*** Opening SUPPLIED RECORDS ***

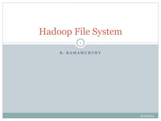 The document describes the key features and architecture of the Hadoop Distributed File System (HDFS). HDFS is designed to reliably store very large data sets across clusters of commodity hardware. It uses a master/slave architecture with a single NameNode that manages file system metadata and regulates client access. Numerous DataNodes store file system blocks and replicate data for fault tolerance. The document outlines HDFS properties like high fault tolerance, data replication, and APIs.
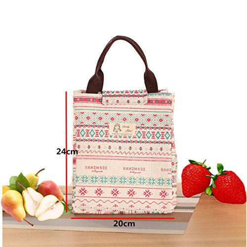 Yahead Lunch Bag Cute Reusable Portable Linen Cotton Insulated Lunch Bag Tote Lunch Soft Bento Cooler Carry Outdoor Picnic Food Bag (Flower)
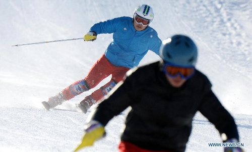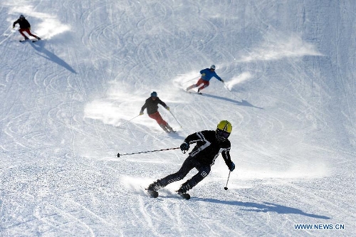 People ski at Jiangjunshan Ski Resort in Altay, northwest China's Xinjiang Autonomous Region, Jan. 31, 2013. Thanks to its snow and ice resources, Altay received 87,300 trips from mid-October of 2012 to Jan. 22 this year with tourism revenues hitting 58.49 million yuan (9.4 million US dollars). (Xinhua/Sadat)
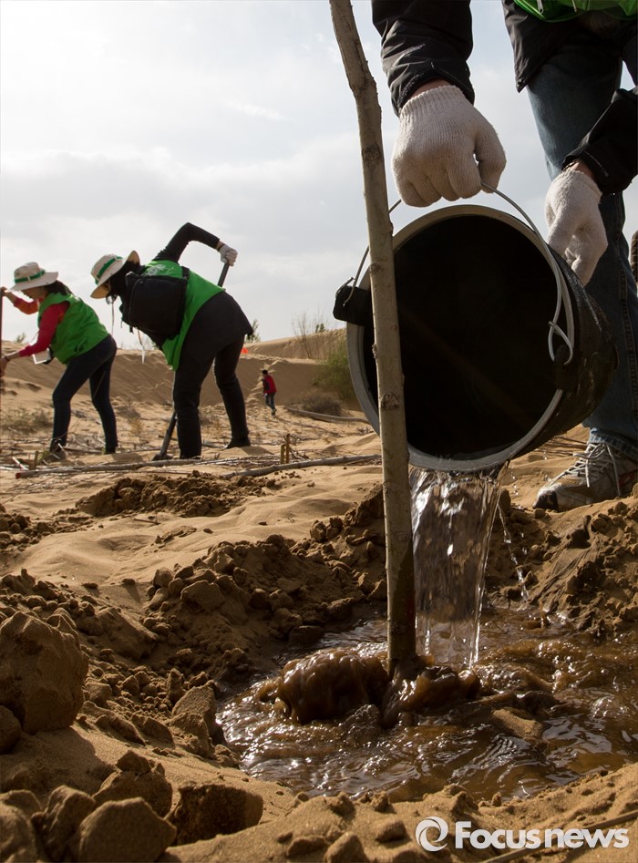 (다라더치/중국=포커스뉴스) 24일 오후 중국 내몽고 다라더치 쿠부치사막에서 2016 미래숲 15기 녹색봉사단 후원사 회원들이 나무심기작업을 하고 있다. 미래숲 녹색봉사단은 이번 봉사활동을 통해 황폐화된 사막에 나무 심기 및 각국 청년들과 우호를 증진을 위한 교류 활동을 전개할 예정이다.
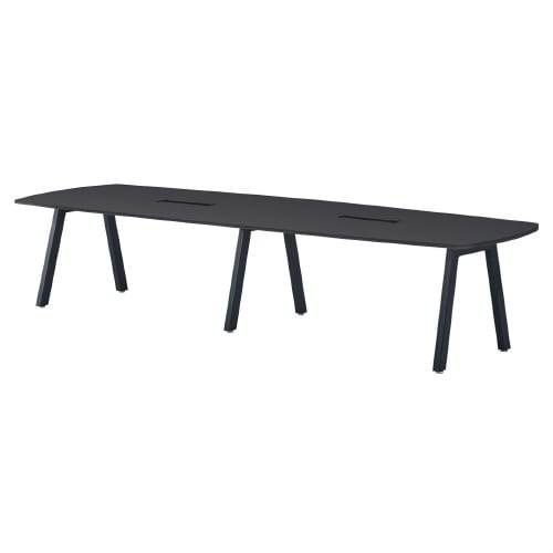 ミーティング用テーブルBLオーバル W3600D1200H720 ワイヤリングBOX付 天板:マットグレイ、脚:ブラック BL−B3612VW−MG 1台【メーカー直送・軒先渡し・お客様組立】
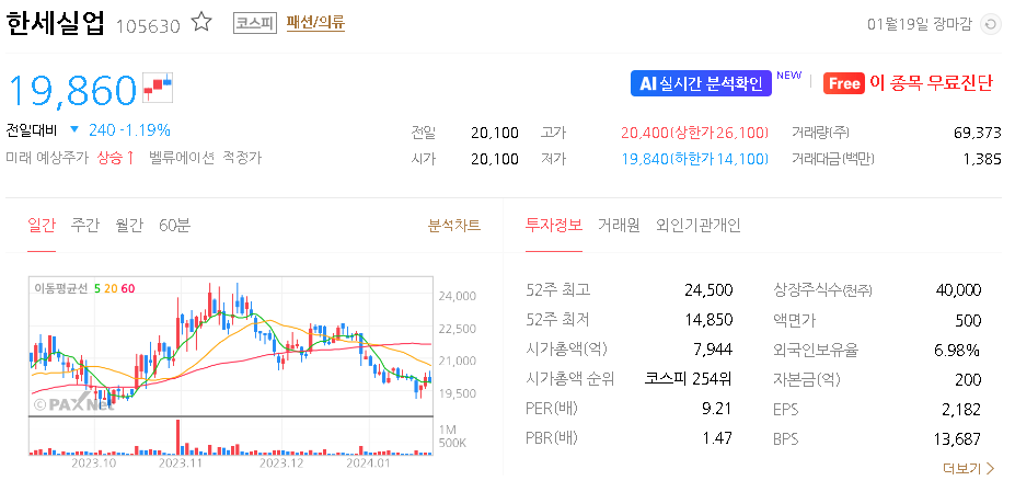 외국인 보유 비중은 6.99% 이며 장중 거래량은 69,424원 을 기록했습니다. 매출액은 13,531억 원을 달성했습니다. EPS는 2,788원이며 한세실업 주식 배당수익률은 1.07% 입니다.
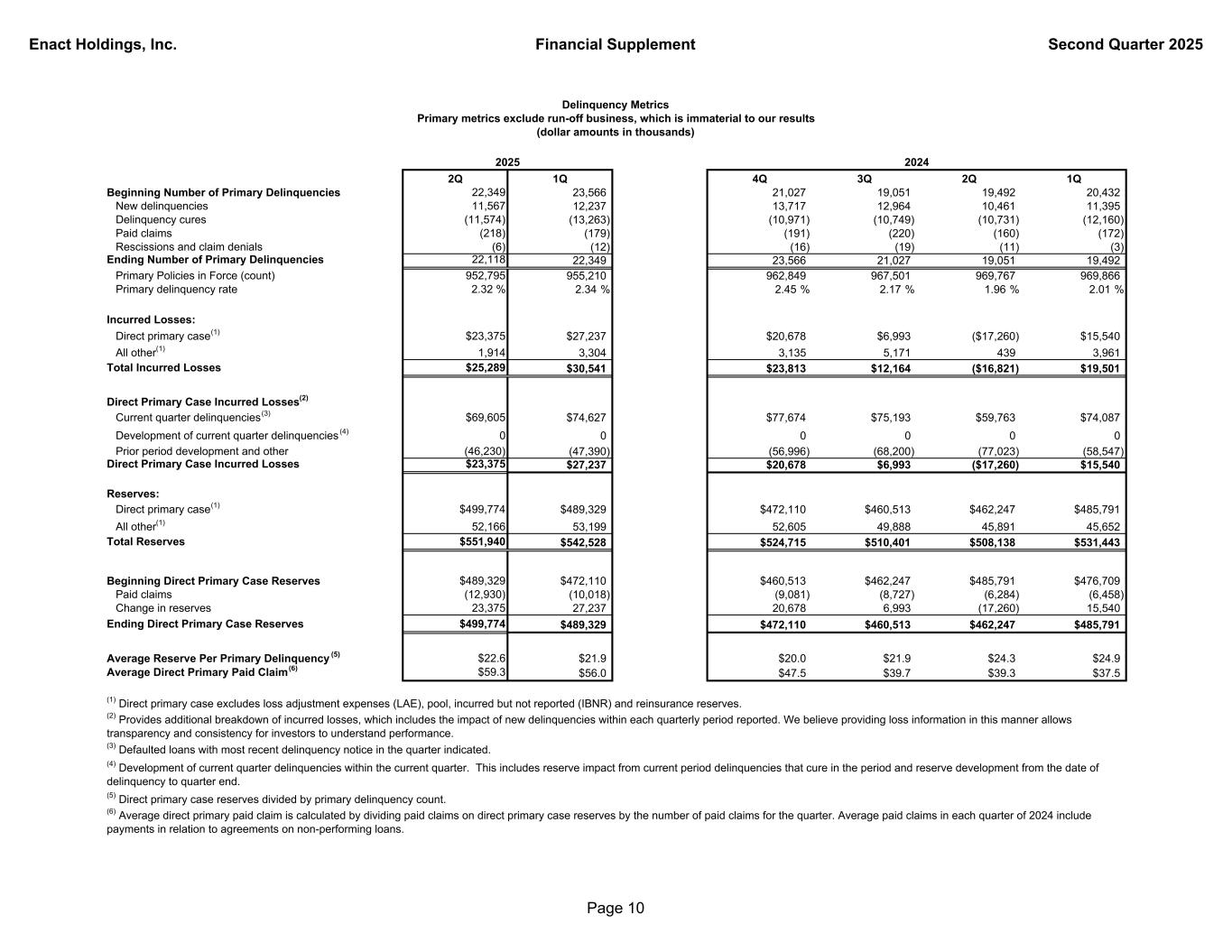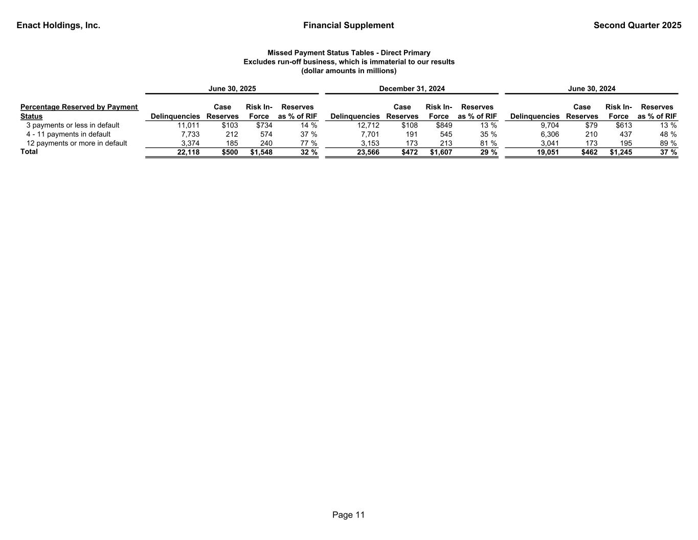 Enact Holdings, Inc. Financial Supplement Second Quarter 2025 2Q 1Q 4Q 3Q 2Q 1Q Beginning Number of Primary Delinquencies 22,349 23,566 21,027 19,051 19,492 20,432 New delinquencies 11,567 12,237 13,717 12,964 10,461 11,395 Delinquency cures (11,574) (13,263) (10,971) (10,749) (10,731) (12,160) Paid claims (218) (179) (191) (220) (160) (172) Rescissions and claim denials (6) (12) (16) (19) (11) (3) Ending Number of Primary Delinquencies 22,118 22,349 23,566 21,027 19,051 19,492 Primary Policies in Force (count) 952,795 955,210 962,849 967,501 969,767 969,866 Primary delinquency rate 2.32 % 2.34 % 2.45 % 2.17 % 1.96 % 2.01 % Incurred Losses: Direct primary case(1) $23,375 $27,237 $20,678 $6,993 ($17,260) $15,540 All other(1) 1,914 3,304 3,135 5,171 439 3,961 Total Incurred Losses $25,289 $30,541 $23,813 $12,164 ($16,821) $19,501 Direct Primary Case Incurred Losses(2) Current quarter delinquencies(3) $69,605 $74,627 $77,674 $75,193 $59,763 $74,087 Development of current quarter delinquencies (4) 0 0 0 0 0 0 Prior period development and other (46,230) (47,390) (56,996) (68,200) (77,023) (58,547) Direct Primary Case Incurred Losses $23,375 $27,237 $20,678 $6,993 ($17,260) $15,540 Reserves: Direct primary case(1) $499,774 $489,329 $472,110 $460,513 $462,247 $485,791 All other(1) 52,166 53,199 52,605 49,888 45,891 45,652 Total Reserves $551,940 $542,528 $524,715 $510,401 $508,138 $531,443 Beginning Direct Primary Case Reserves $489,329 $472,110 $460,513 $462,247 $485,791 $476,709 Paid claims (12,930) (10,018) (9,081) (8,727) (6,284) (6,458) Change in reserves 23,375 27,237 20,678 6,993 (17,260) 15,540 Ending Direct Primary Case Reserves $499,774 $489,329 $472,110 $460,513 $462,247 $485,791 Average Reserve Per Primary Delinquency (5) $22.6 $21.9 $20.0 $21.9 $24.3 $24.9 Average Direct Primary Paid Claim (6) $59.3 $56.0 $47.5 $39.7 $39.3 $37.5 Delinquency Metrics Primary metrics exclude run-off business, which is immaterial to our results (dollar amounts in thousands) 2024 (5) Direct primary case reserves divided by primary delinquency count. 2025 (6) Average direct primary paid claim is calculated by dividing paid claims on direct primary case reserves by the number of paid claims for the quarter. Average paid claims in each quarter of 2024 include payments in relation to agreements on non-performing loans. (2) Provides additional breakdown of incurred losses, which includes the impact of new delinquencies within each quarterly period reported. We believe providing loss information in this manner allows transparency and consistency for investors to understand performance. (3) Defaulted loans with most recent delinquency notice in the quarter indicated. (1) Direct primary case excludes loss adjustment expenses (LAE), pool, incurred but not reported (IBNR) and reinsurance reserves. (4) Development of current quarter delinquencies within the current quarter. This includes reserve impact from current period delinquencies that cure in the period and reserve development from the date of delinquency to quarter end. Page 10
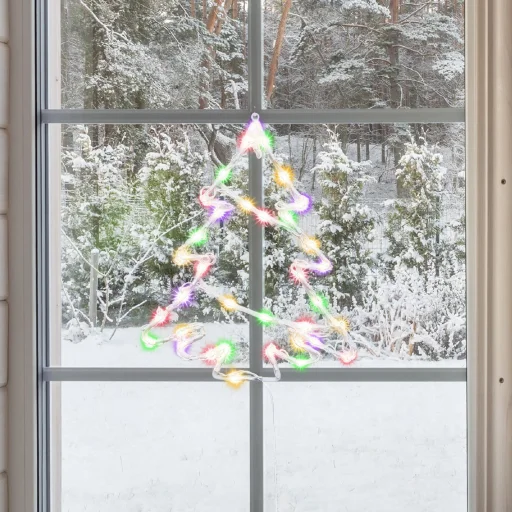 Ez a dekoráció 35 db Ø5mm színes LED-del van felszerelve, amelyek hangulatos, ünnepi fényt árasztanak. A 1,5 méteres fehér tápkábel az alján helyezkedik el, így könnyen csatlakoztatható az áramforráshoz anélkül, hogy zavaró lenne. A termék mérete 33 x 28 cm, így ideális méretű, hogy bármelyik ablakban elhelyezze.
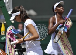Tsvetana Pironkova of Bulgaria (L) inbetween games against Venus Williams in their quarter final match at Wimbledon, when Pironkova scored a historic win against Willaims, 29 June 2010. EPA/BGNES
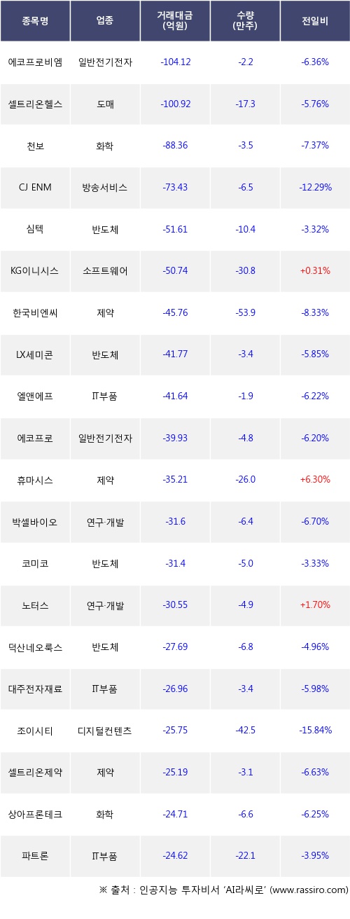 외국인 투자자의 순매도 상위 20개 종목은 에코프로비엠, 셀트리온헬스케어, 천보, CJ ENM, 심텍, KG이니시스, 한국비엔씨, LX세미콘, 엘앤에프, 에코프로등이다.
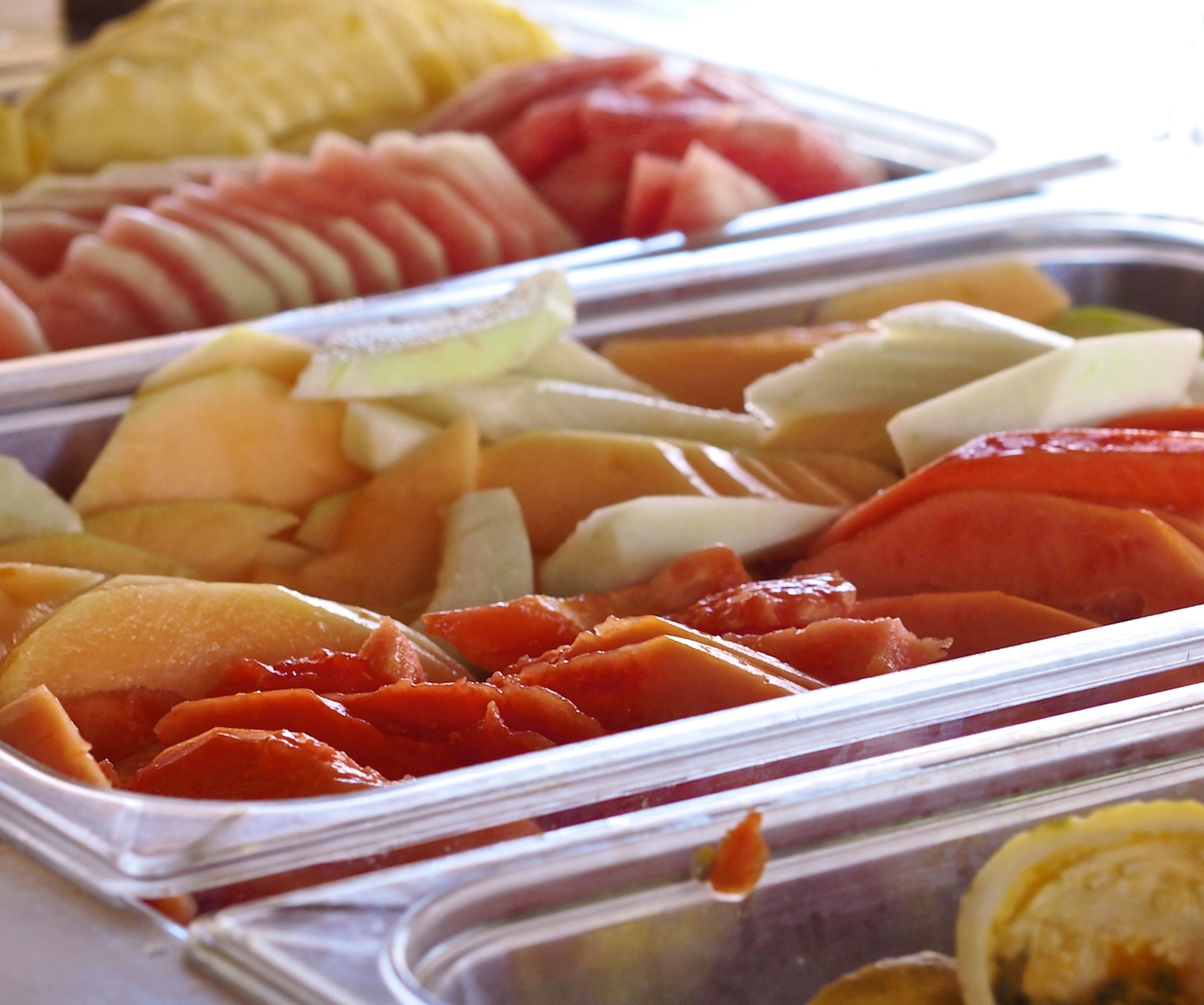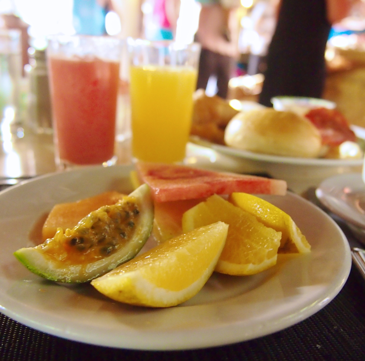 En ole arkiaamuisin yhtään aamupalaihminen, paitsi lomalla ja erityisesti hotelleissa. Karibialla tarjottavassa buffetaamiaisessa parhaimpia puolia on tietenkin ihanat tuoreet hedelmät. Ja cafe con leche! Meidän hotellissa oli myös tarjolla tuoreita mehuja ja smoothieita, joita valmistettiin koko ajan tarjoilupöydän vieressä. Aamupalalla olisi luonnollisestikin saanut kustomoidun munakkaan täytebuffetista valittujen lisukkeiden mukaan, mutta harmi kyllä juuri kun viimeisenä aamuna olin päättänyt tankata oikein kunnolla ja syödä munakkaan, niin jono oli liian pitkä!
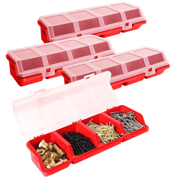 • 【Sufficient quantity】 The package contains 4 red screw storage boxes. With this storage box, you can sort and organize small hardware parts such as drill bits, nuts and bolts. It can also store craft accessories such as beads and nails.
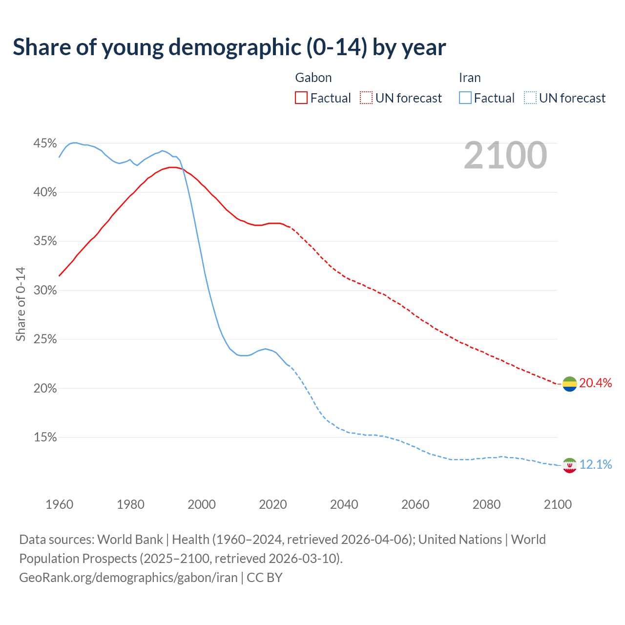 - The share of young demographic (0-15 years old) in Gabon is 36.5% vs 22.4% in Iran.
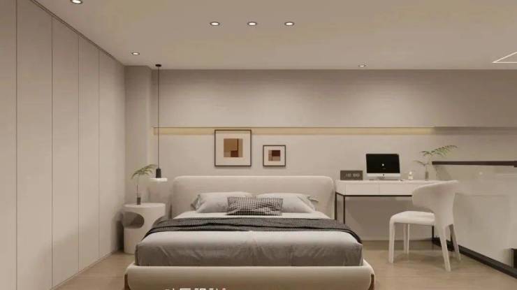 卧室的设计,沿用了整体色调与风格的一致性,通过软装细节的调试,显得整个空间多了一份宁静和放松。床头背后的长城板加硬包,以及墙面的线性灯设计和衣柜的破板设计,都展现出设计,对细节上的把握都非常的精细。
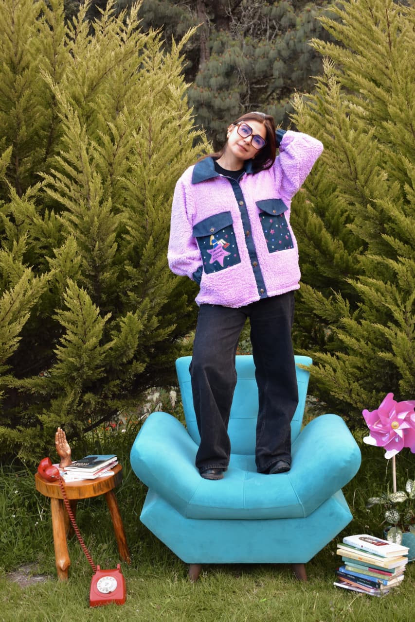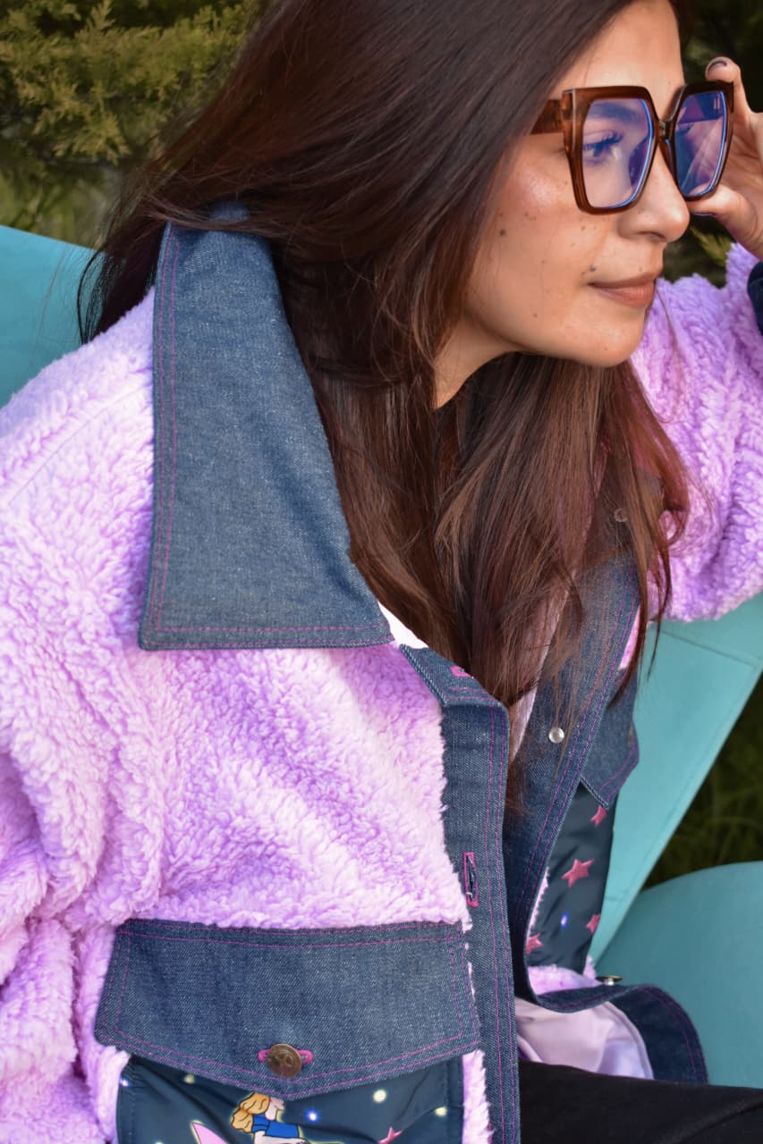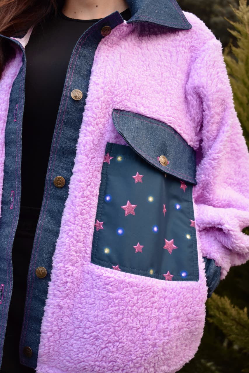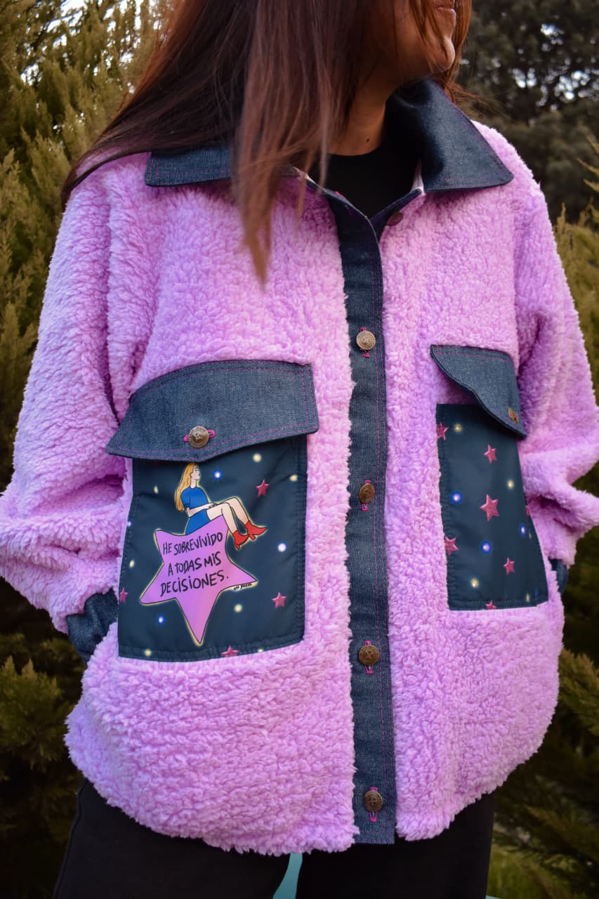 - Bomber elaborada en tela afelpada, con detalles en jean oscuro, tiene bolsillos laterales y es forrada por la parte interna.

*** Closing SUPPLIED RECORDS ***

- EXERCISE DETAILS:
Only one stretch of the data is wanted: write out exactly the lines from the one holding "Yahead Lunch Bag" through the one holding "외국인 보유 비중은 6.99%", both included, without the pictures.

- SOLUTION TO THIS PROBLEM:
 Yahead Lunch Bag Cute Reusable Portable Linen Cotton Insulated Lunch Bag Tote Lunch Soft Bento Cooler Carry Outdoor Picnic Food Bag (Flower)
 People ski at Jiangjunshan Ski Resort in Altay, northwest China's Xinjiang Autonomous Region, Jan. 31, 2013. Thanks to its snow and ice resources, Altay received 87,300 trips from mid-October of 2012 to Jan. 22 this year with tourism revenues hitting 58.49 million yuan (9.4 million US dollars). (Xinhua/Sadat)
 (다라더치/중국=포커스뉴스) 24일 오후 중국 내몽고 다라더치 쿠부치사막에서 2016 미래숲 15기 녹색봉사단 후원사 회원들이 나무심기작업을 하고 있다. 미래숲 녹색봉사단은 이번 봉사활동을 통해 황폐화된 사막에 나무 심기 및 각국 청년들과 우호를 증진을 위한 교류 활동을 전개할 예정이다.
 ミーティング用テーブルBLオーバル W3600D1200H720 ワイヤリングBOX付 天板:マットグレイ、脚:ブラック BL−B3612VW−MG 1台【メーカー直送・軒先渡し・お客様組立】
 외국인 보유 비중은 6.99% 이며 장중 거래량은 69,424원 을 기록했습니다. 매출액은 13,531억 원을 달성했습니다. EPS는 2,788원이며 한세실업 주식 배당수익률은 1.07% 입니다.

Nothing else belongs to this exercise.